When you copy the data that follows, reproduce every word exactly and leave out the images.

*Records provided*
■ ■ ■ ■ ■

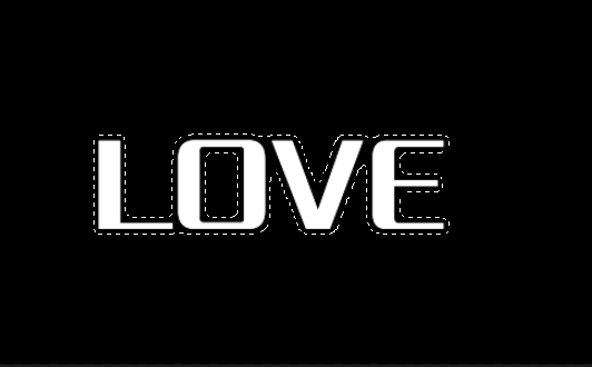 2.在工具箱里使用文字工具在画布上输入“LOVE”,字形、字号自定,颜色设为白色。
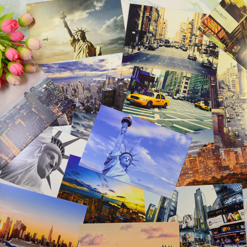 美国城市风景明信片 纽约加州芝加哥夏威夷拉斯维加斯8款选
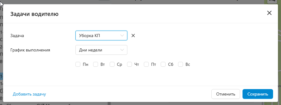 - Выбрать тип задачи, который нужно закрепить за КП, выбрать график задачи
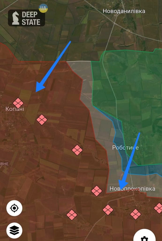 За даними DeepStste ЗСУ також тиснуть на ворога східніше Новопрокопівки — у сірій зоні на карті, про що свідчать кадри противника.
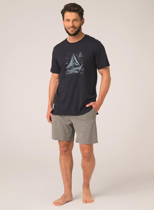 Piżama męska Key Bawełniana krótkie spodenki granat szary:
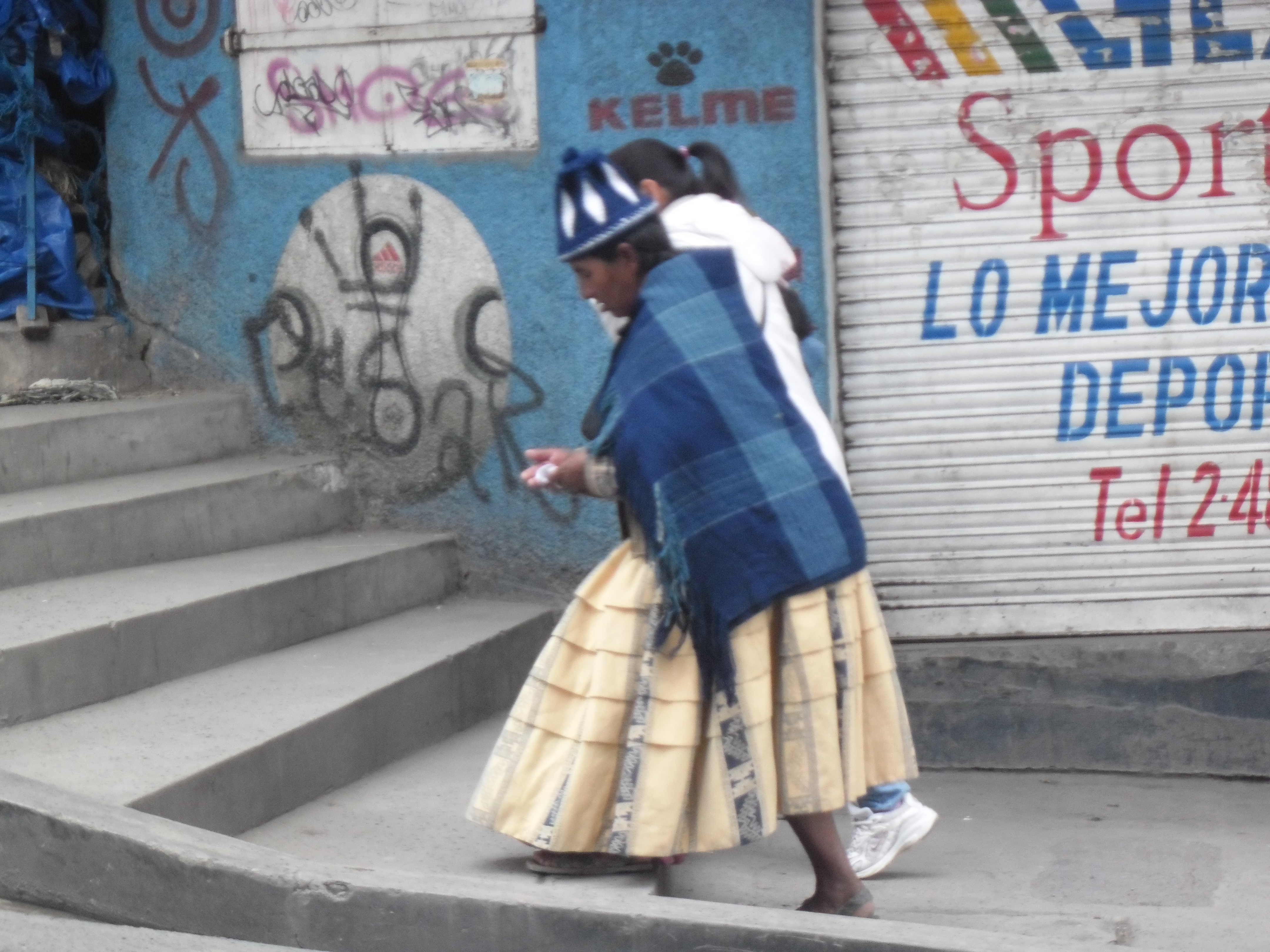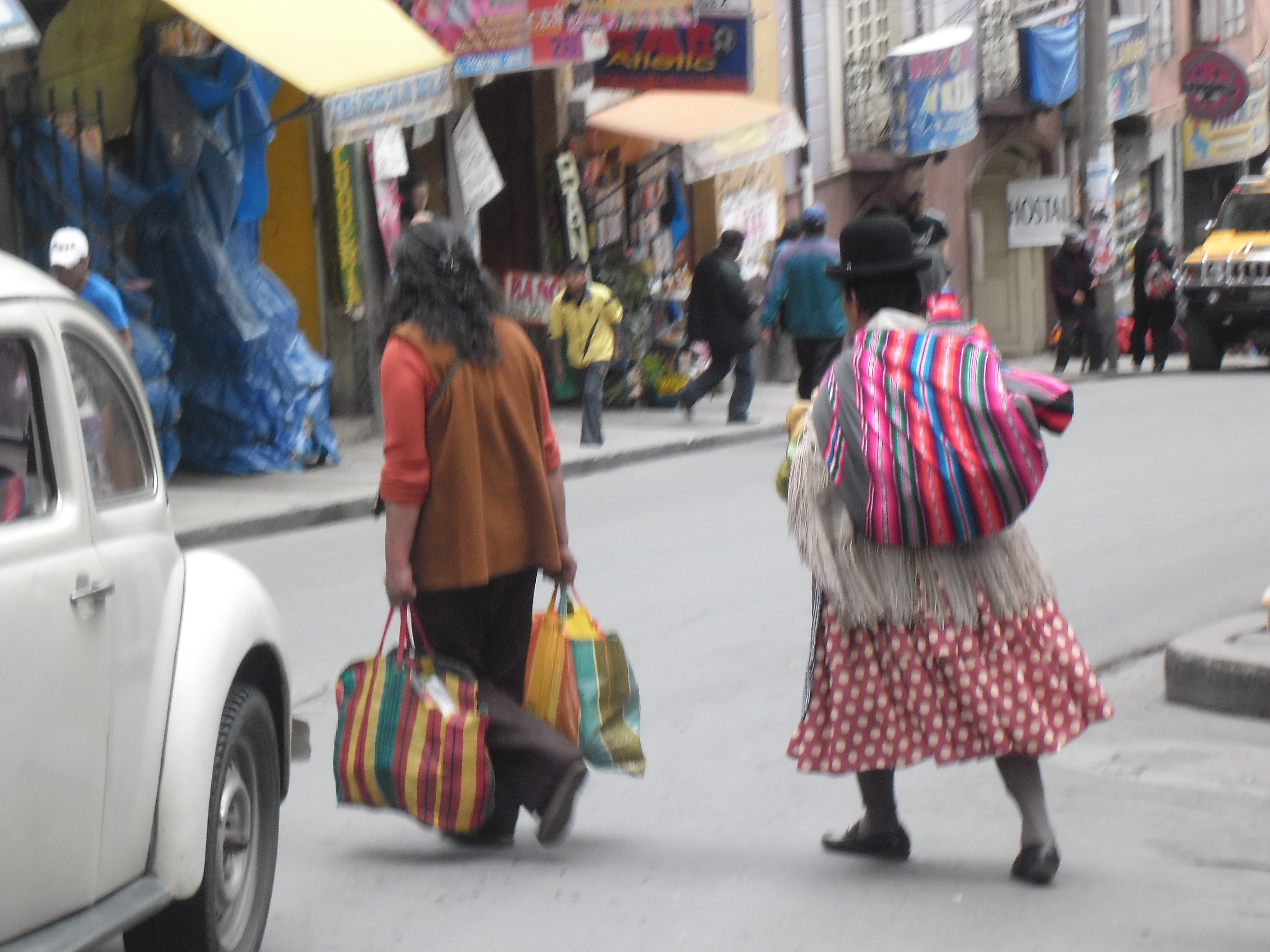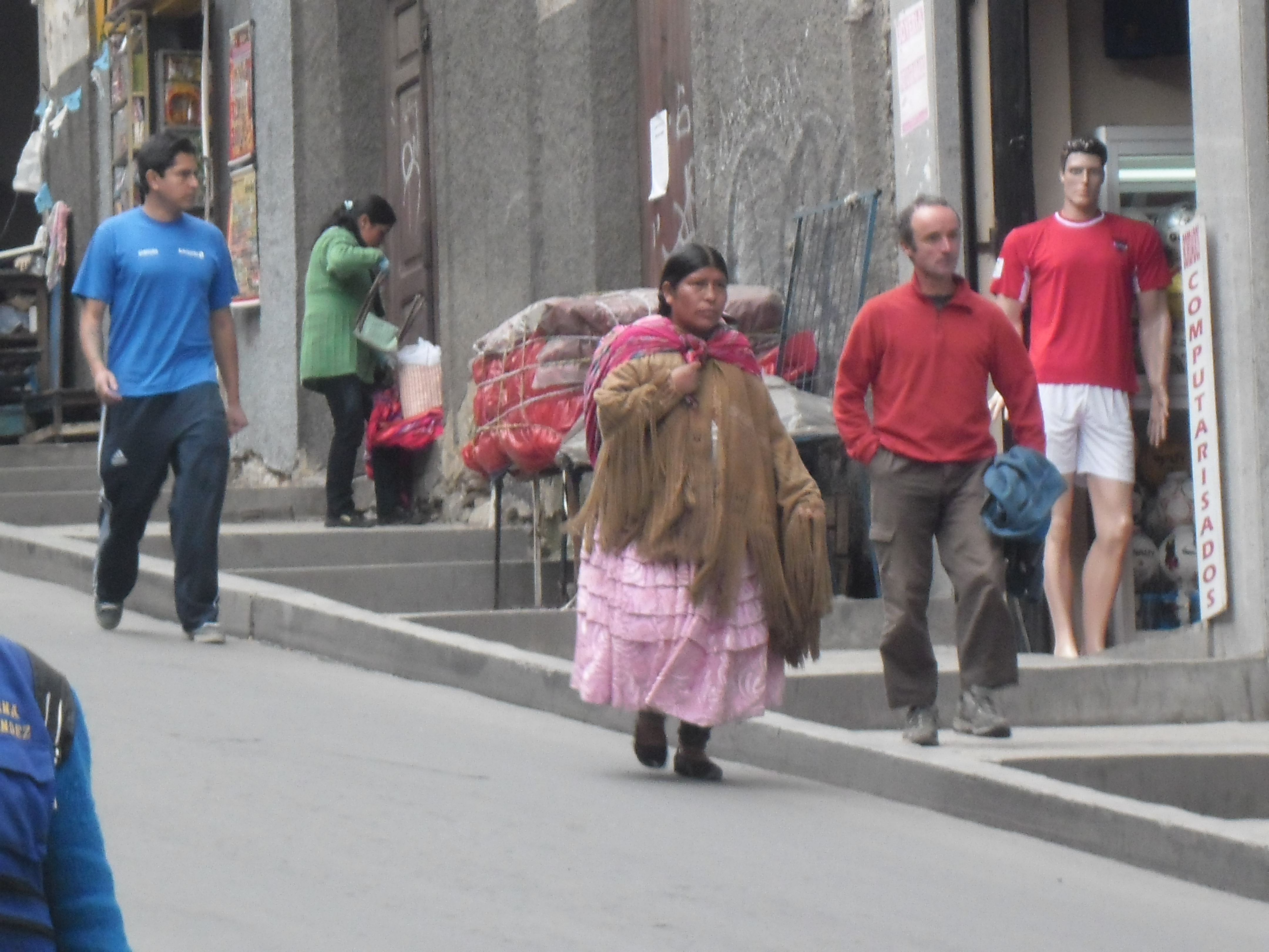 SAM_0810SAM_0805SAM_0806The cholitas are the women who wear the beautiful traditional skirts called cholas. It is just their everyday clothing, although it looks like they’re all dressed up for a special occasion. They often carry extremely heavy bundles on their back, using a weaving to wrap it up. Sometimes they’re shoveling dirt, or cooking potatoes, always at their own pace and very gracefully.
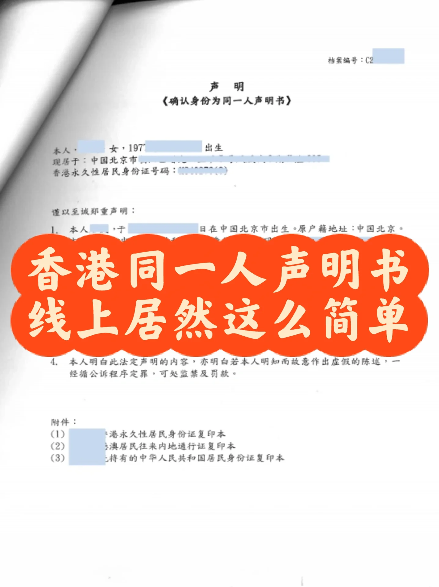 中国内地人士在取得香港身份证后,可能需要办理以内地身份购买的物业或其他事宜。根据相关规定,需要申请同一人申报表,以证明“本人具有内地身份”和“本人具有香港身份”为同一人。 什么是“同一人公证” 所谓“同一人公证”,其实就是“同一个人的身份声明”。由香港和中国委托公证机构出具的公证文件,证明香港身份证和《香港澳门居民来往内地通行证》上的人与内地身份证上的人是同一人。 在理解了什么是“同一人公证”之后,让我举一个谁需要申请“同一个人公证”的例子。 例如,A先生现在已经申请了香港永久居留权,并获得了返回许可,但他在广州有一处房产。他计划将该地产的所有权从“具有大陆身份的何”改为“具有香港身份的何。此时,他需要申请“同人公证”,然后到广州的不动产登记中心办理相关手续,办理过户。 由同一个人办理公证复杂吗需要什么信息 同一人公证需要到律师事务所办理。在处理此事时,当事人需要在授权公证人面前签署一份声明,大致应为“我现在和以前一样了”。 公证员在公证员的见证和签字后,还需要将公证文件提交给中国法律服务(香港)有限公司(以下简称“中法”)盖章和传递。该文件须经中法双方加盖“传输专用章”后方可在中国内地进行处理。 必填信息 1.内地身份证原件 2、原户籍注销凭证 3.香港现行身份证 4.现行香港同学会通行证 两种处理方法: 香港律师事务所公证 您可以选择到香港有中国公证人的律师事务所办理,当事人在办理时需要在授权公证人面前签署声明,并对同一人的声明进行公证。 在中国大陆的公证处办理 为中国内地和香港准备身份证件扫描件和其他材料,起草同一人的声明,并通过与内地公证员的在线视频对自己的同一人声明进行公证。
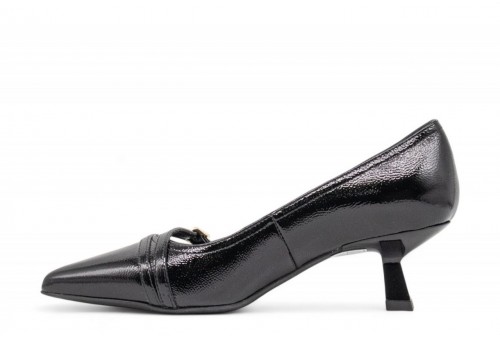 NERO GIARDINI decollete in naplak. Decollete a punta realizzata in pelle naplak. Caratterizzata da cinturino decorativo frontale. Tacco a rocchetto. COLORE: nero

■ ■ ■ ■ ■

*Response to the task*
 2.在工具箱里使用文字工具在画布上输入“LOVE”,字形、字号自定,颜色设为白色。
 美国城市风景明信片 纽约加州芝加哥夏威夷拉斯维加斯8款选
 - Выбрать тип задачи, который нужно закрепить за КП, выбрать график задачи
 За даними DeepStste ЗСУ також тиснуть на ворога східніше Новопрокопівки — у сірій зоні на карті, про що свідчать кадри противника.
 Piżama męska Key Bawełniana krótkie spodenki granat szary:
 SAM_0810SAM_0805SAM_0806The cholitas are the women who wear the beautiful traditional skirts called cholas. It is just their everyday clothing, although it looks like they’re all dressed up for a special occasion. They often carry extremely heavy bundles on their back, using a weaving to wrap it up. Sometimes they’re shoveling dirt, or cooking potatoes, always at their own pace and very gracefully.
 中国内地人士在取得香港身份证后,可能需要办理以内地身份购买的物业或其他事宜。根据相关规定,需要申请同一人申报表,以证明“本人具有内地身份”和“本人具有香港身份”为同一人。 什么是“同一人公证” 所谓“同一人公证”,其实就是“同一个人的身份声明”。由香港和中国委托公证机构出具的公证文件,证明香港身份证和《香港澳门居民来往内地通行证》上的人与内地身份证上的人是同一人。 在理解了什么是“同一人公证”之后,让我举一个谁需要申请“同一个人公证”的例子。 例如,A先生现在已经申请了香港永久居留权,并获得了返回许可,但他在广州有一处房产。他计划将该地产的所有权从“具有大陆身份的何”改为“具有香港身份的何。此时,他需要申请“同人公证”,然后到广州的不动产登记中心办理相关手续,办理过户。 由同一个人办理公证复杂吗需要什么信息 同一人公证需要到律师事务所办理。在处理此事时,当事人需要在授权公证人面前签署一份声明,大致应为“我现在和以前一样了”。 公证员在公证员的见证和签字后,还需要将公证文件提交给中国法律服务(香港)有限公司(以下简称“中法”)盖章和传递。该文件须经中法双方加盖“传输专用章”后方可在中国内地进行处理。 必填信息 1.内地身份证原件 2、原户籍注销凭证 3.香港现行身份证 4.现行香港同学会通行证 两种处理方法: 香港律师事务所公证 您可以选择到香港有中国公证人的律师事务所办理,当事人在办理时需要在授权公证人面前签署声明,并对同一人的声明进行公证。 在中国大陆的公证处办理 为中国内地和香港准备身份证件扫描件和其他材料,起草同一人的声明,并通过与内地公证员的在线视频对自己的同一人声明进行公证。
 NERO GIARDINI decollete in naplak. Decollete a punta realizzata in pelle naplak. Caratterizzata da cinturino decorativo frontale. Tacco a rocchetto. COLORE: nero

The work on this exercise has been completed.